中華料理レストランから住居へのコンバージョン

前橋PROJECT

群馬県前橋市。
中心市街地にほど近い閑静な住宅街にたたずむ、古びた一軒の中華料理レストラン。

築年数も古く、油汚れもひどい。

そんな廃墟の中に、キラキラした瞳で一人ニコニコしている男が。
そう。リノコンプロジェクト 主宰 田淵憲一 その人である。

「ここはお店としてはしんどいね。住居に変えちゃおう。」

そうつぶやく田淵の一言で、前橋プロジェクトが始動した。

なぜお店ではなく住居に?

会社に戻る車中で田淵にたずねる。
「なぜ、お店ではなく住居に?」
「いくつかあるけど、まず日中ほとんど人通りがない。駐車場もない。」
「はい。」
「仮に店舗兼住居とした場合、店舗部分の収益が支払いの原資になるから、この人通りでは結構厳しいよね。
実績のあるお店が入ったとして全部を店舗としても、駐車場もないのに席を埋めるのは相当難しい。」
「確かに。」
「このお店を閉めた理由は分からないけど、そういう理由で集客が上手くいっていなかったのかもね。」
「そうかもしれませんね。分からないですけど。」
「あとは周りが閑静な住宅街なのに中心市街地も近くて、車のアクセスもいいから、住居なら賃貸も売買もいけそうかなって。」
「そうですね。」
「あと、直感。ビビビッ!と来た。(笑)」
「それなら間違いない!お店じゃなくて住居っすね。
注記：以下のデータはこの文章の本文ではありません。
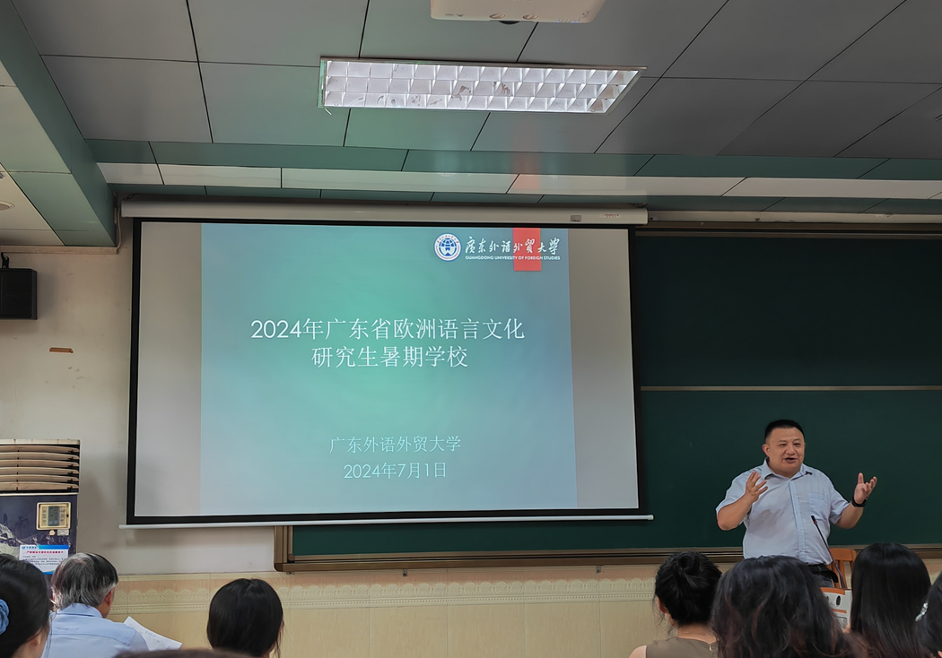 本网讯 为充分利用研究生教育的优质资源,为外国语言文学及其相关学科研究生搭建高水平的学习交流平台,同时促进研究生教育的交流与合作,由广东省学位委员会办公室主办、广东外语外贸大学西方语言文化学院承办的“2024年广东省欧洲语言文化研究生暑期学校”开学典礼于7月1日上午在广外北校区第四教学楼424室顺利举行。广外西语学院领军学者于奇智、西语学院副院长臧宇、西语学院研究生办公室主任刘巍以及来自全国多所高校的约80名研究生和青年教师参加了此次活动。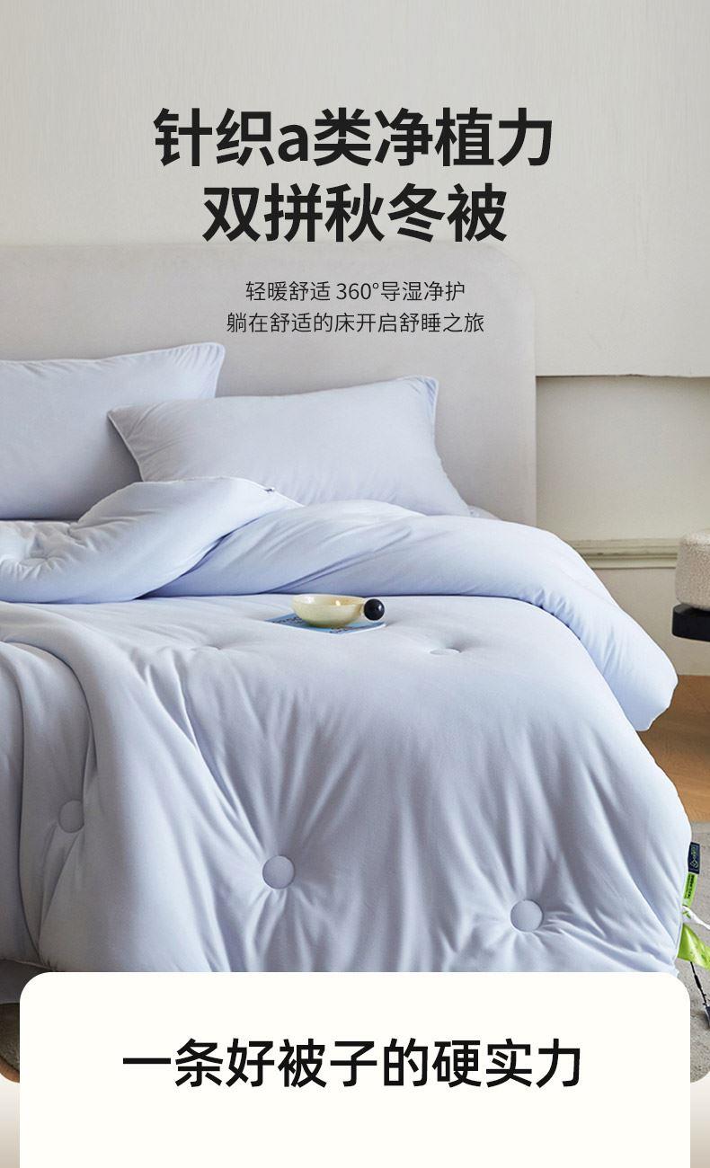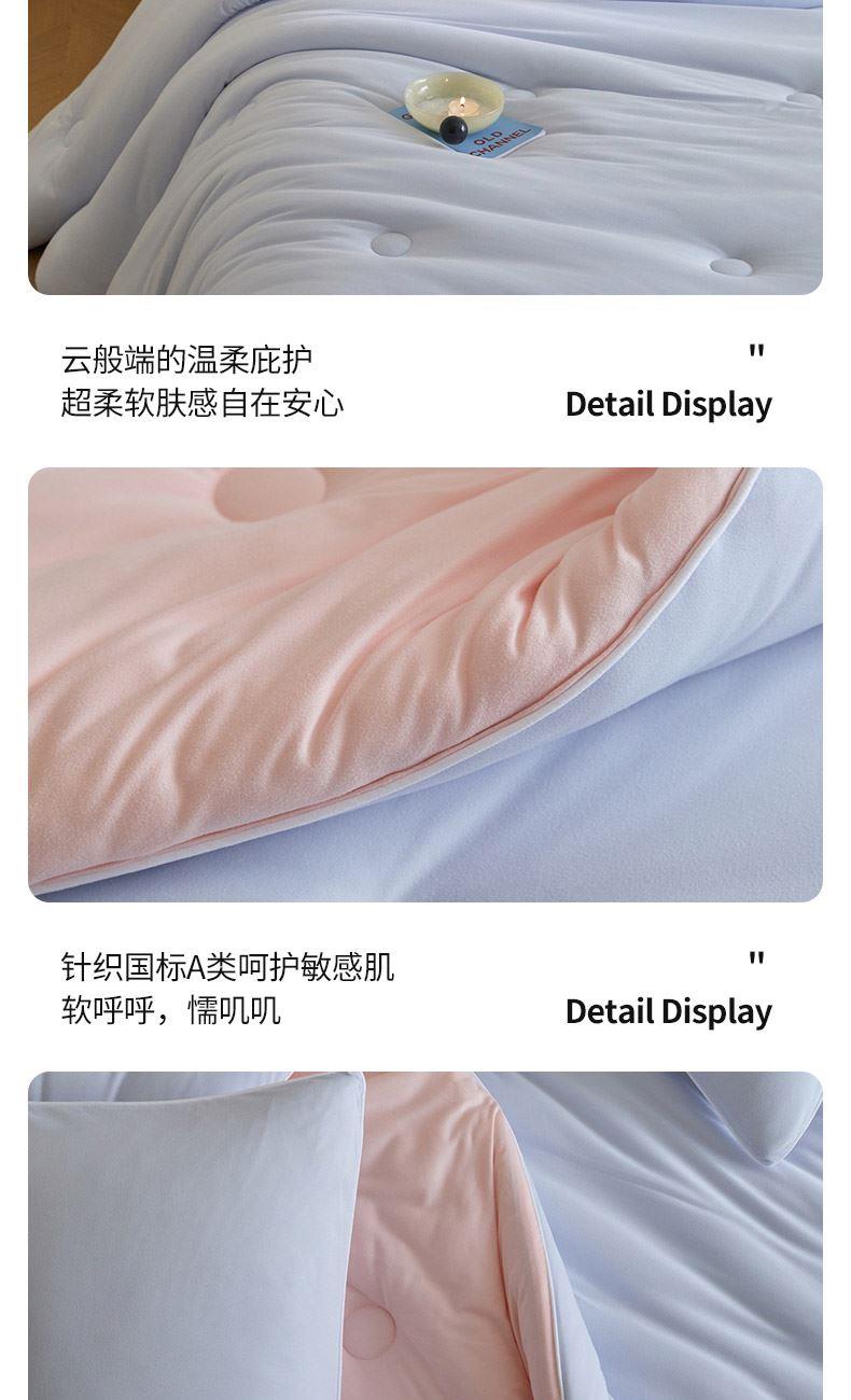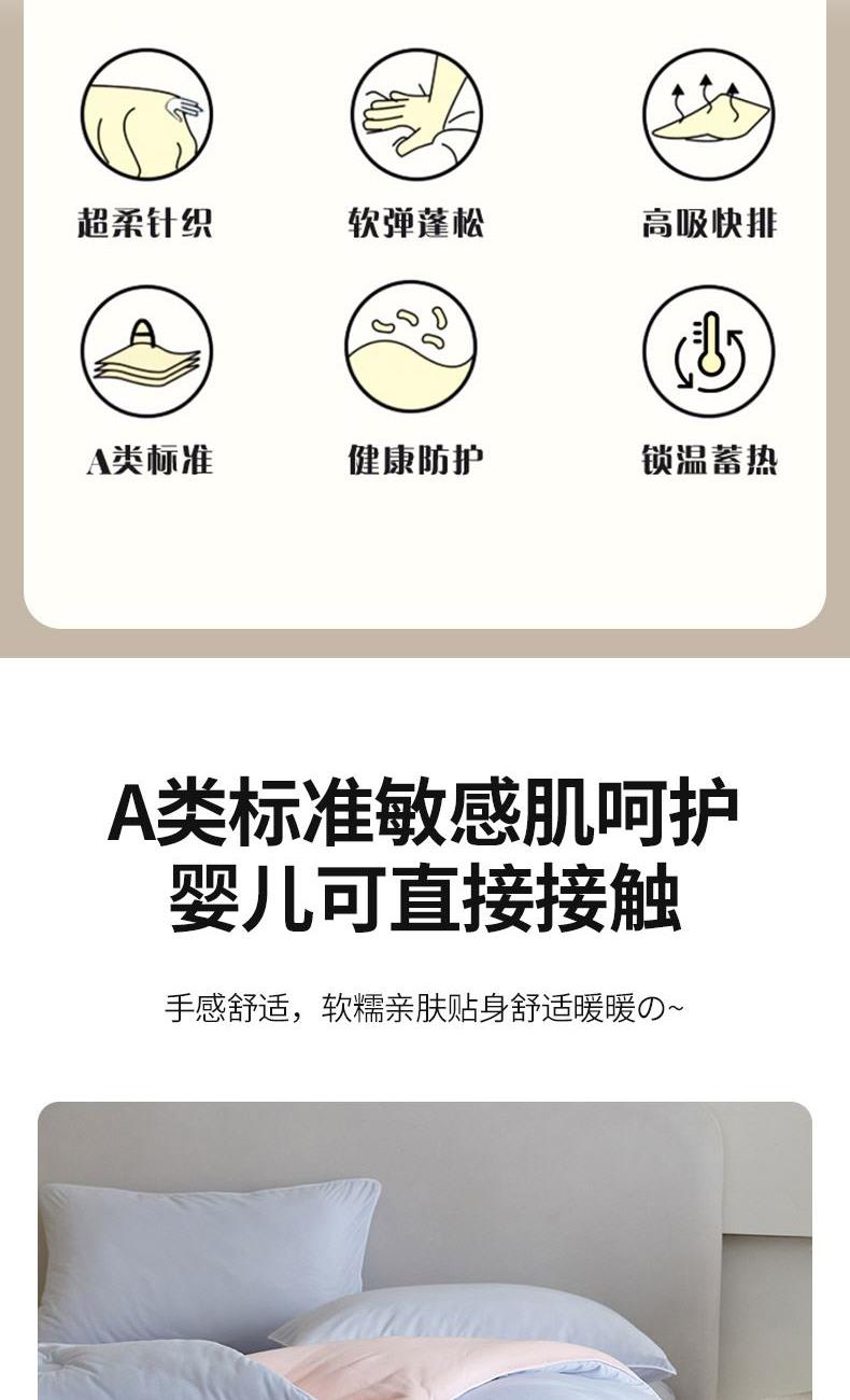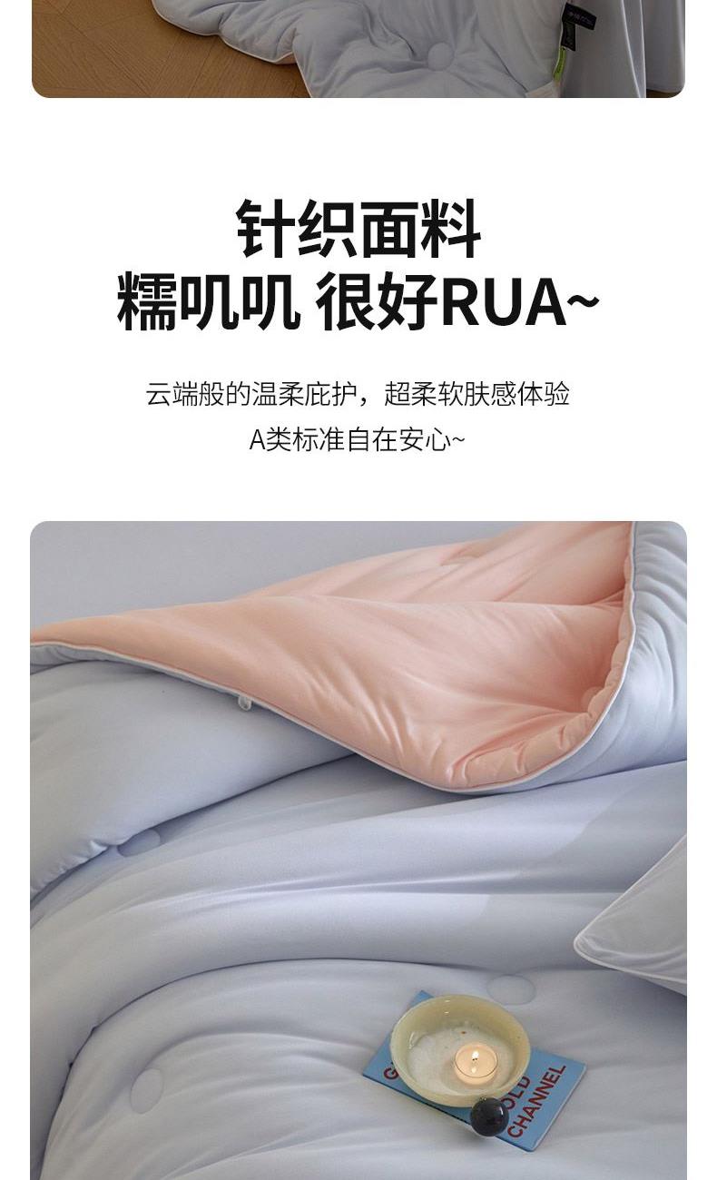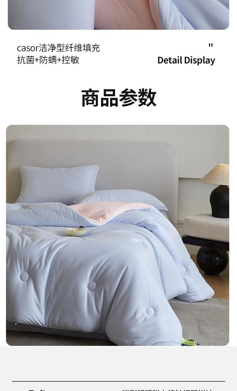 材质:针织棉(聚酯纤维) 填充:羽丝棉 尺寸:200×230cm 产品说明: 1.针织国标A类呵护敏感肌,软呼呼,懦叽叽 2.云般端的温柔庇护,超柔软肤感自在安心。 3. casor洁净型纤维填充+防螨+控敏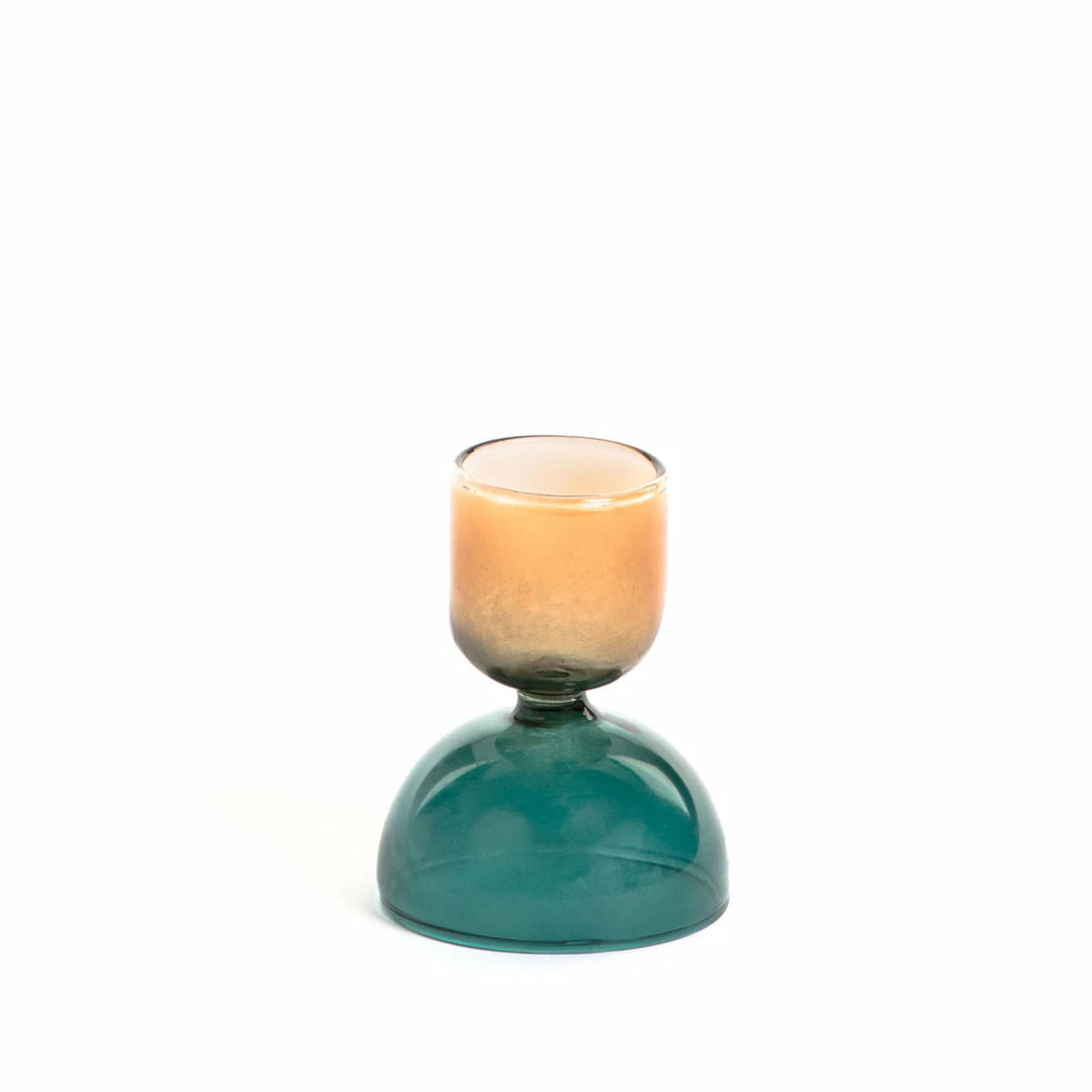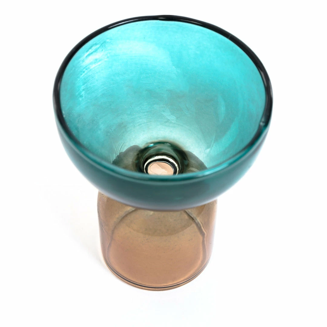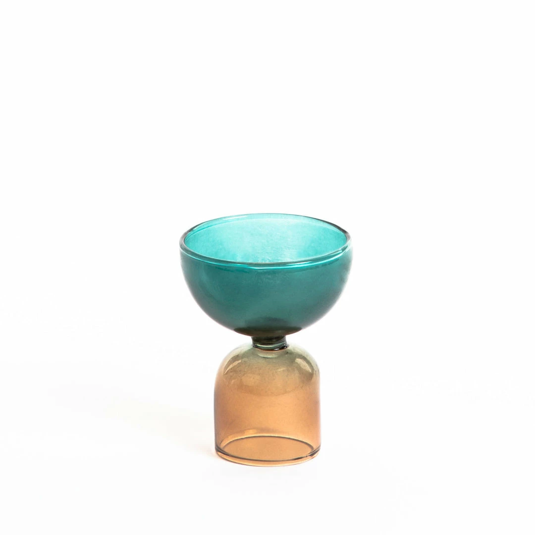 The Small Dibe vase is made of yellow and turquoise glass. It is more than just one vase it is two vases as you can flip it over.

(笑)」
田淵の直感が あなどれないことを私は知っている。

「一人来ればいい」
「つくり手も楽しめ!!」

その後の調査・検討の結果、世帯を分けず1棟1世帯でのコンバージョンでやることになった。
ただ、それなりの大きさがあるこの物件、なんの特徴もない住居では1棟貸しも売却も難しそうだ。
何を魅力にし、どう作り込むのか。
コンセプトづくりは想像以上に難しい作業となった。

意見は出るものの、これだというものに なかなかたどり着けなかった。
閉そく感でどんよりした空気が流れる中、今まで黙っていた田淵が口を開く。

「1棟1世帯なんだから万人に受けなくていいんだよ。『これ好き!ここに住みたい!』って思う人、
一人来ればいいんだからさ。」

その一言で場の空気が変わり、コンセプトは一気に出来上がった。
この物件のコンセプトは「大人のアソビバ」となった。
どんな遊び場にしようかと皆で真剣に話をしていると、黙っていた田淵が再度口を開く。

「遊び場を作るのに、なんでみんな難しい顔してんの??作り手も楽しまないと、
本当に楽しい場所にならないよ。」

そこからはワイワイガヤガヤ、ターゲットとなる人物像をつくり上げ、その人物が好きそうなもの、ワクワクするものをその人物になりきって考えていった。

楽しいことを全部やりたいので、
知恵と工夫でコストダウン

1階はスーパーカーを格納するビルトインガレージ、2階に開放感・リゾート感のあるジャグジー、部屋の中にトリックアート、 屋上はバーベキュー広場、リビングダイニングはクラシカルなお屋敷などなど・・・
楽しいことを積み上げていくと、当然ながらコストもどんどん積みあがっていった。
賃貸又は売買を考えた場合、いくら良いものが出来ても、相場観を失っては意味がない。

でも全部やりたいので、知恵と工夫でコストダウンを図る。

ハチヤマテリアルで開発した特殊下地材を塗り込んで強度を高める外壁工法の一部仕上げを、 モルタル造形からオリジナルスタンプマットを製作・活用したスタンプウォール工法に変更。
これにより材工あわせて24%のコストダウンに。
工期も7日かかるところ、3日まで減らすことができた。

2階のジャグジーは高級リゾートをテーマとしており、バスタブにまたいで入るのではなく、 周囲をかさ上げしてバスタブを埋め込み、フラットに入るデザインとしていた。
そのため、かさ上げ部分にブロックを積んだり、コンクリートを流し込んだりする必要があり、 かなりの重量が出るため、それなりの補強工事が必要だった。
しかも、曲線のデザインをブロックで作るのは難しく、その部分は別途大工さんによる造作が必要だった。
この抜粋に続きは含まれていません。